====== Excerpted data

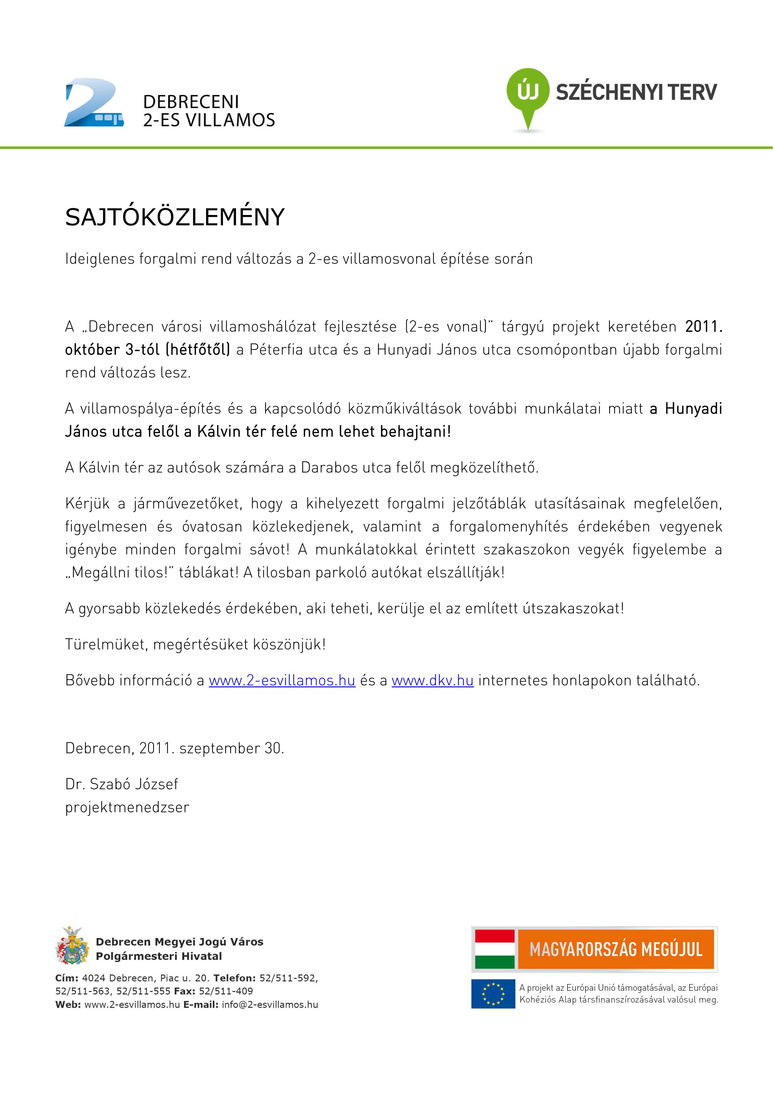 A „Debrecen városi villamoshálózat fejlesztése (2-es vonal)” tárgyú projekt keretében 2011. október 3-tól (hétfőtől) a Péterfia utca és a Hunyadi János utca csomópontban újabb forgalmi rend változás lesz.
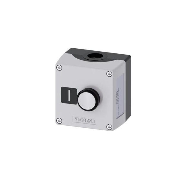 Enclosure for command devices, 22 mm, round, Enclosure material plastic, enclosure top part gray, 1 control point plastic, Recess for label, A=Pushbutton white, label: I, 1 NO, screw terminal, floor mounting, Label enclosed
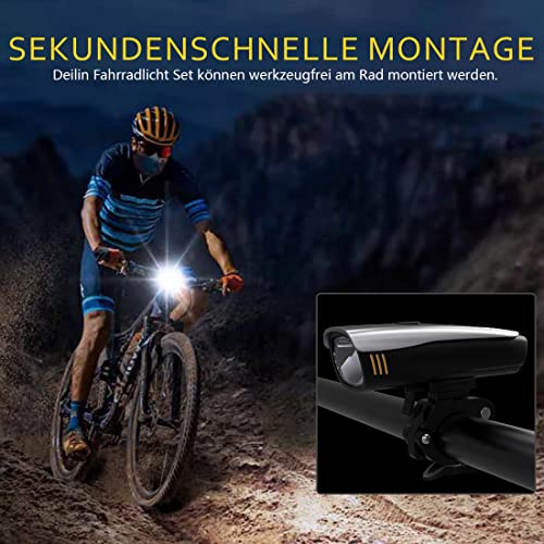 Deilin Fahrradlicht Set LED Fahrradbeleuchtung USB Aufladbar Fahrradlampe, IPX5 Wasserdicht Fahrradlichter Vorne Rücklicht Fahrrad Licht Fahrradleuchtenset Fahrradlampe
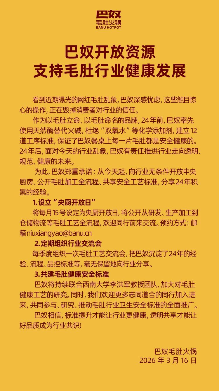 “巴奴毛肚火锅”微信公众号3月16日发布文章称,从今天起,向行业无条件开放中央厨房、公开毛肚加工全流程、共享安全工艺标准。
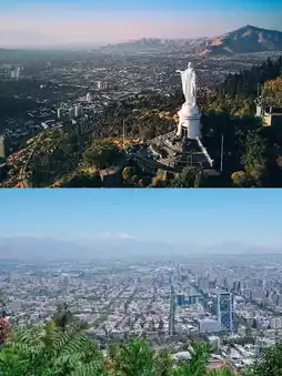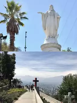 • Cerro San Cristobal: One of the highest points in Santiago and part of the Santiago Metropolitan Park. There is a white statue of the Immaculate Conception on the top of the mountain. You can take a cable car or hike to the top of the mountain to overlook the beautiful scenery of the entire city.
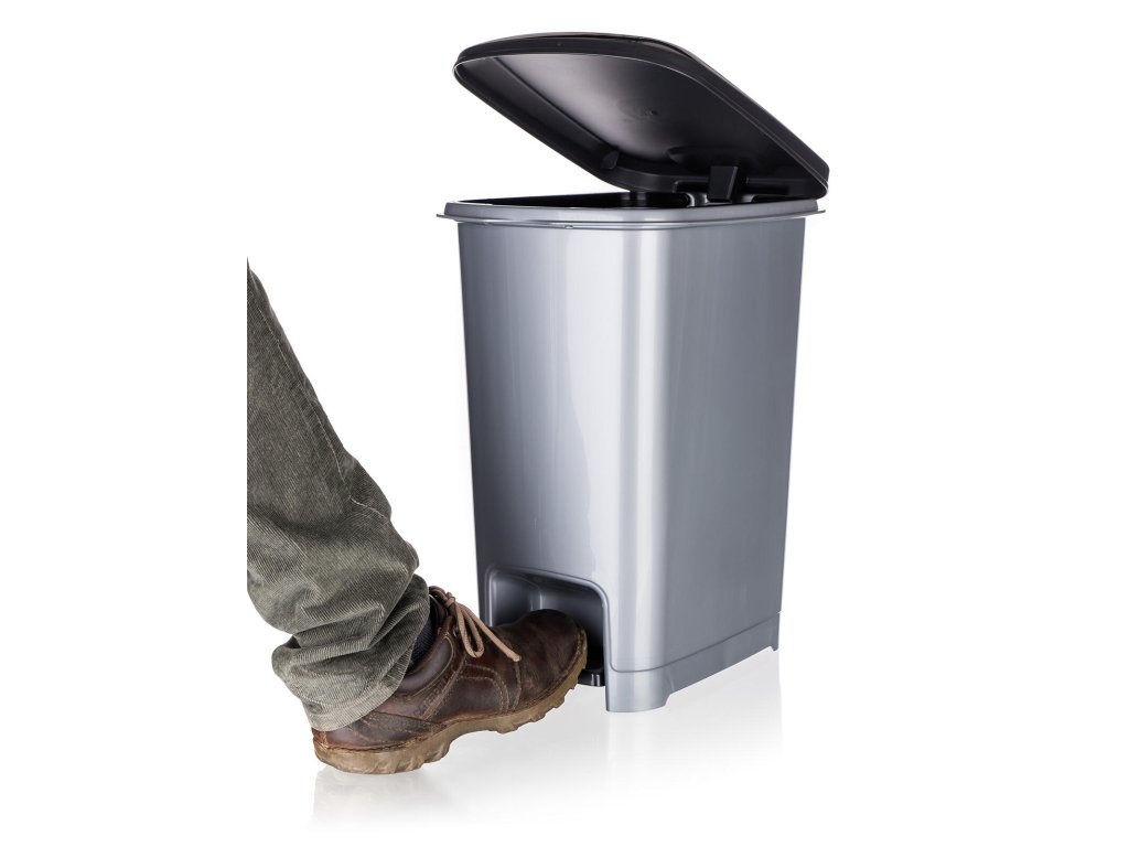 Odpadkový nášlapný koš STEP, v šedé barvě, je elegantní a praktický bezdotykový koš na odpadky.
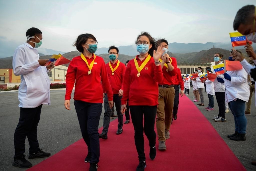 2020年4月11日,在委內瑞拉首都加拉加斯,中國抗疫醫(yī)療專家組在授勛儀式結束后登機回國。新華社發(fā)(薩爾戈多攝)
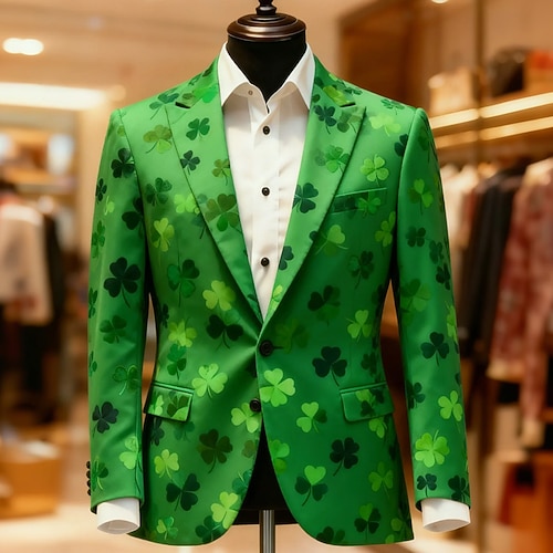 San Patrizio Per uomo Quadrifoglio Giacca blazer Cappotto Confortevole Traspirante Artistico Casual Quotidiano Abbigliamento da sera Festival Stampa 3D Bottoni Multi-tasche Tutte le stagioni
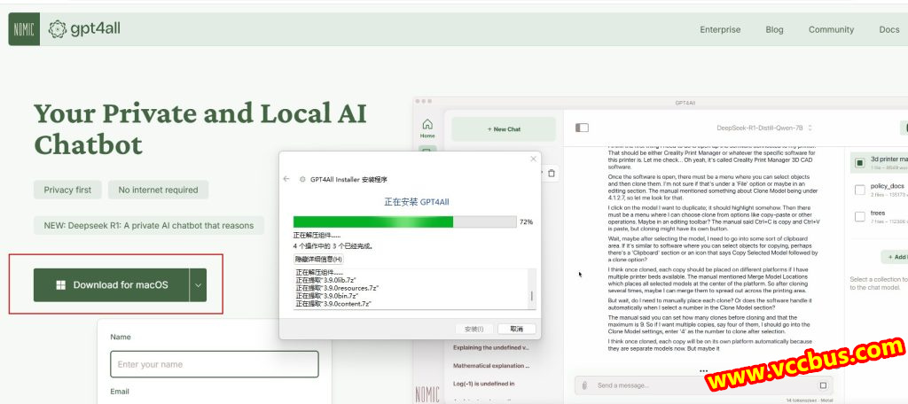 GPT4All的使用方法非常简单,首先登陆其官网:https://www.nomic.ai/gpt4all,下载跟你电脑操作系统匹配的安装包,例如Windows。然后安装。
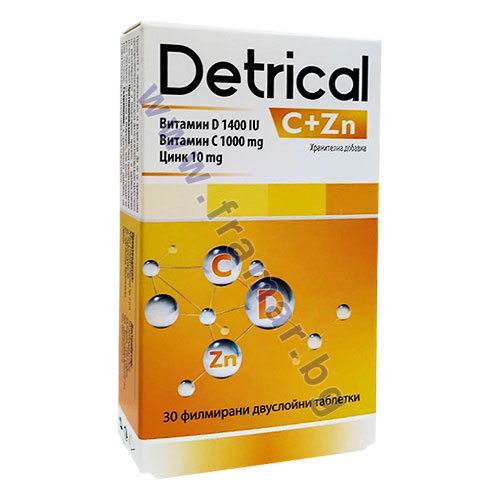 Detrical C + Zn съдържа високи дози витамин D, витамин С и цинк необходими за дневен прием при повишени нужди.
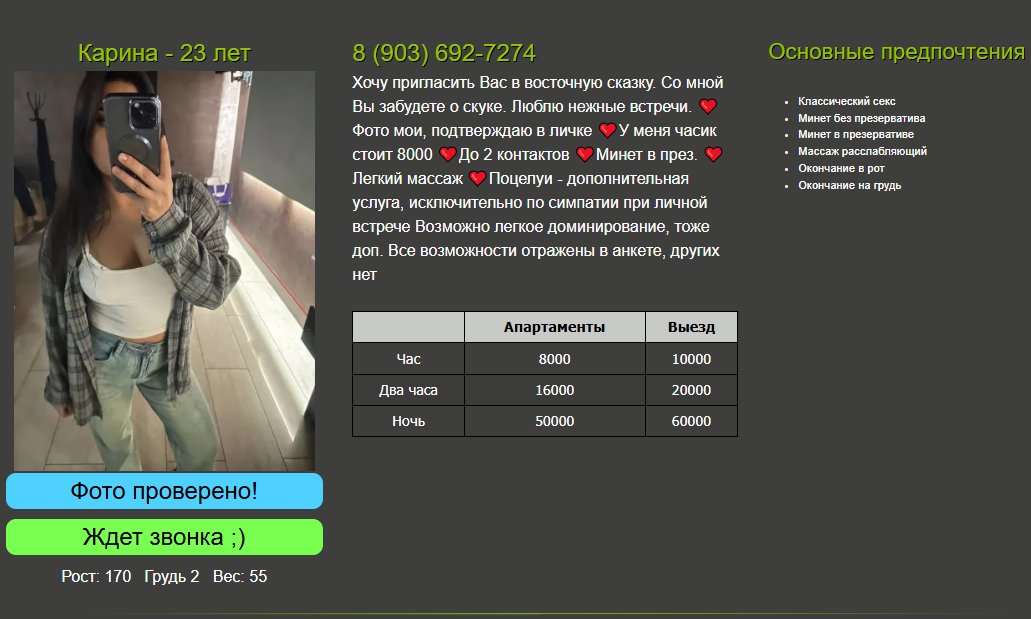 На целый месяц прямиком из Тайланда приехала к нам Карина 8-903-692‑72‑74,
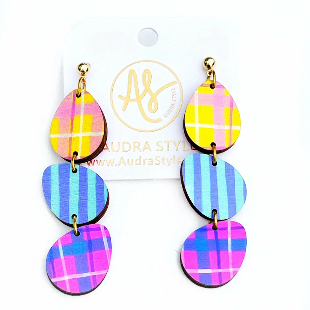 Each earring is made of lightweight wood and designed from Audra’s artwork.
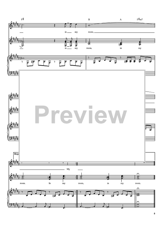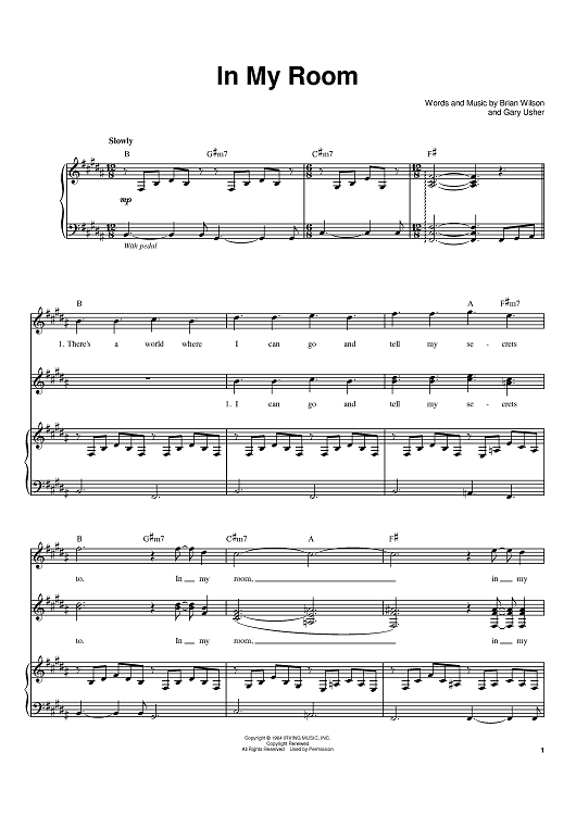 Digital Sheet Music for In My Room by Brian Wilson, The Beach Boys, Gary Usher scored for Piano/Vocal/Chords; id:371789

============

■ **Your goal**
Your copy of the data above should match it exactly, apart from the images.

■ **Answer space**
 A „Debrecen városi villamoshálózat fejlesztése (2-es vonal)” tárgyú projekt keretében 2011. október 3-tól (hétfőtől) a Péterfia utca és a Hunyadi János utca csomópontban újabb forgalmi rend változás lesz.
 Enclosure for command devices, 22 mm, round, Enclosure material plastic, enclosure top part gray, 1 control point plastic, Recess for label, A=Pushbutton white, label: I, 1 NO, screw terminal, floor mounting, Label enclosed
 Deilin Fahrradlicht Set LED Fahrradbeleuchtung USB Aufladbar Fahrradlampe, IPX5 Wasserdicht Fahrradlichter Vorne Rücklicht Fahrrad Licht Fahrradleuchtenset Fahrradlampe
 “巴奴毛肚火锅”微信公众号3月16日发布文章称,从今天起,向行业无条件开放中央厨房、公开毛肚加工全流程、共享安全工艺标准。
 • Cerro San Cristobal: One of the highest points in Santiago and part of the Santiago Metropolitan Park. There is a white statue of the Immaculate Conception on the top of the mountain. You can take a cable car or hike to the top of the mountain to overlook the beautiful scenery of the entire city.
 Odpadkový nášlapný koš STEP, v šedé barvě, je elegantní a praktický bezdotykový koš na odpadky.
 2020年4月11日,在委內瑞拉首都加拉加斯,中國抗疫醫(yī)療專家組在授勛儀式結束后登機回國。新華社發(fā)(薩爾戈多攝)
 San Patrizio Per uomo Quadrifoglio Giacca blazer Cappotto Confortevole Traspirante Artistico Casual Quotidiano Abbigliamento da sera Festival Stampa 3D Bottoni Multi-tasche Tutte le stagioni
 GPT4All的使用方法非常简单,首先登陆其官网:https://www.nomic.ai/gpt4all,下载跟你电脑操作系统匹配的安装包,例如Windows。然后安装。
 Detrical C + Zn съдържа високи дози витамин D, витамин С и цинк необходими за дневен прием при повишени нужди.
 На целый месяц прямиком из Тайланда приехала к нам Карина 8-903-692‑72‑74,
 Each earring is made of lightweight wood and designed from Audra’s artwork.
 Digital Sheet Music for In My Room by Brian Wilson, The Beach Boys, Gary Usher scored for Piano/Vocal/Chords; id:371789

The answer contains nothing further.